Policy - earlier vaccination of younger populations because of workforce issues. (more day care with very young children whose immune system is still under development)

Profit - (1) "let's just combine multiple disease vaccines into one. Cheaper to administer. Let's say measles, mumps, and rubella. (Let's find a way to take over the bodies own cells and have THEM create the trojan horse (mRNA) with no real research on the long term impacts.)"

(2) "We need a cheap adjuvant - thimerisol or similar (mercury Hg) or Aluminum compounds. Mercury and aluminum are toxic and known to cause brain damage but the body (the liver specifically) screens them out of the blood. Worth the small risk ...."

Confounding variable - glyphosate, which owes its "effectiveness" to being a chelating agent.

Mechanism

(1) In Sri Lanka, an "epidemic" of chronic kidney disease in an agricultural area was identified by scientists as probably resulting from glyphosate chelating mutliple toxic metal ions and thereby having them bypass the livers screening mechanism.

(2) Samsel and Seneff have published multiple papers on glyphosate suppression of critical body and brain hormones.
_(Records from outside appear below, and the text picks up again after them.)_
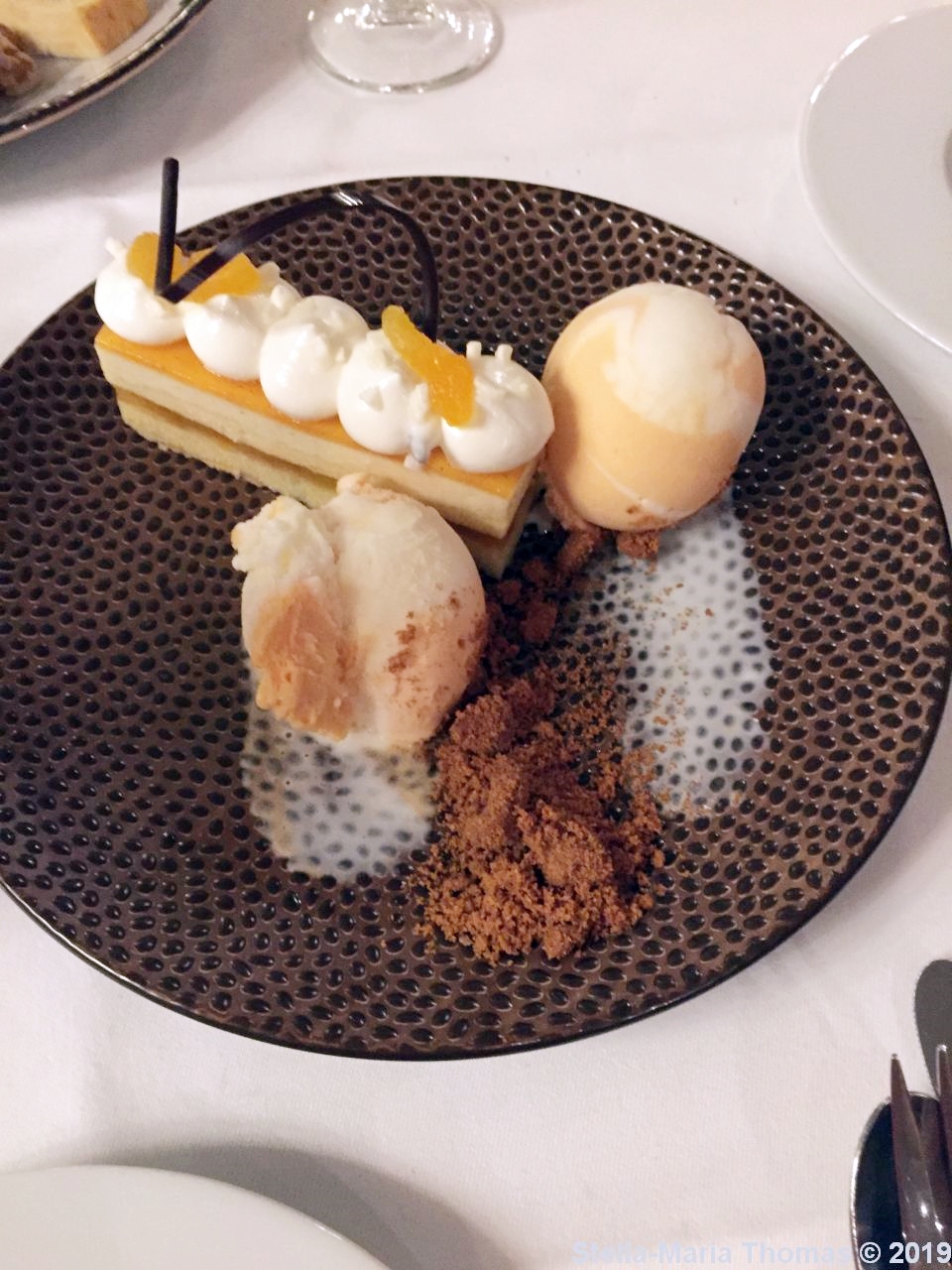 After refills of our wine glasses (they were not at all stingy with the wines) our main eventually arrived, a portion of loin of veal with a cauliflower and miso creme, green herb gnocchi and a balsamic vinegar sauce. I am definitely over my fear of veal these days. This was really very good, more steak like than anything else. The cauliflower and miso puree was rich and umami packed and I am so stealing that idea, and the gnocchi were light as a feather. It wasn’t the best meal of the holiday (that accolade goes to Raben) but thus far it was right up there.
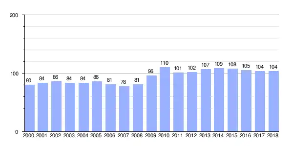 Gráfica de evolución demográfica de Perros entre 2000 y 2018 |
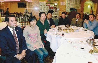 在無法可施的情況下,陳美萍在美唯一胞姊陳美惠(圖左二)26日向閩籍僑團求助。左三為福建同鄉會代主席陳學順。 記者朱文漢∕攝影
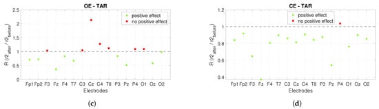 Figure 9 shows the short-term effect of PBM stimulation using TAR. Figure 9a shows the ratios of TAR between the r1 after and before stimulation under the OE condition and Figure 9b under the CE condition. The positive effect of PBM stimulation is visible at thirteen of sixteen electrodes for the conditions OE and for CE. Figure 9c shows the ratios of TAR between the r2 after and before stimulation under OE and Figure 9d under CE. Under the OE condition, a positive effect is detected at nine of sixteen electrodes, whereas under the CE condition, the positive effect is seen at fifteen of sixteen electrodes.

So (1) make it easy for brain-toxic metals to make it to the centre of intelluctual development of young children while simultaneously (2) depriving the same brain of critical hormones.

Richard Hudon's avatar

All science starts with observation and perception of what is happening with the subject or effects being observed

Uncompromised observation of cause and effect leads to scientific rigour over time, however, vested interests want absolute proof as opposed to risk considerations with foolish arguments and marketing to protect profits an face saving: a stupid and idiotic way of dealing with health

Bruce Lanphear's avatar

Thank you Richard. I would add that this behavior is short-sighted and, at times, sociopathic. We shouldn’t expect large corporations to voluntarily change practices that increase profits, but we should expect government agencies to do a far better job of protecting the public.

Dr. Bob Abell's avatar

I believe we SHOULD expect large corporation to be honest and to work for the good of both workers and customers. That was part of the tenants of Keynesian economics. Speaking of "causal" you can trace the increasing wealth inequity back to Milton Friedman economics that arose in the 1960's.

Ken Fisher's avatar

"But when epidemiologists document higher risks of cancer, autism, or cardiovascular disease linked to toxic chemicals or pollution, skepticism hardens into paralysis. Why?"

Bruce Lanphear's avatar

Thank you Ken. Cheers from Bowen Island.

Bob Wright's avatar

Well said. Noncorrelational human studies are an impossible barrier to breach when studying if something is toxic. They would be unethical. You can’t randomize people to lead exposure vs control for example. This point is left unsaid by critics of Epidemiology. Correlation is all we will ever have, so we need to accept these findings when replicated.

Chris Neurath's avatar

Another great article. And I love that the header image seems to echo the "See no evil, hear no evil, speak no evil" cartoons. That's a good summary of the denialism about environmental health harm evidence that vested interests have promoted for years. Was that an intentional reference or just accidental?

Dr. Bob Abell's avatar

I am surprised you did not mention Hill's criteria. This is a systematic approach leading from correlation to causation that should and can almost always be applied. The Seneff studies on glyphosate were time series correlations over a long period (20 years) for example. As for sociopathic - clearly! Andrew Harvey, in his book "The Hope", told of a meeting initiated by the head of a major agribiz company in the mid '90s. The CEO said "My company knows the devastation we are causing to thousands of lives. I don't care" I quoted Harvey (with permission) in my book on wealth inequality, "Gush Up".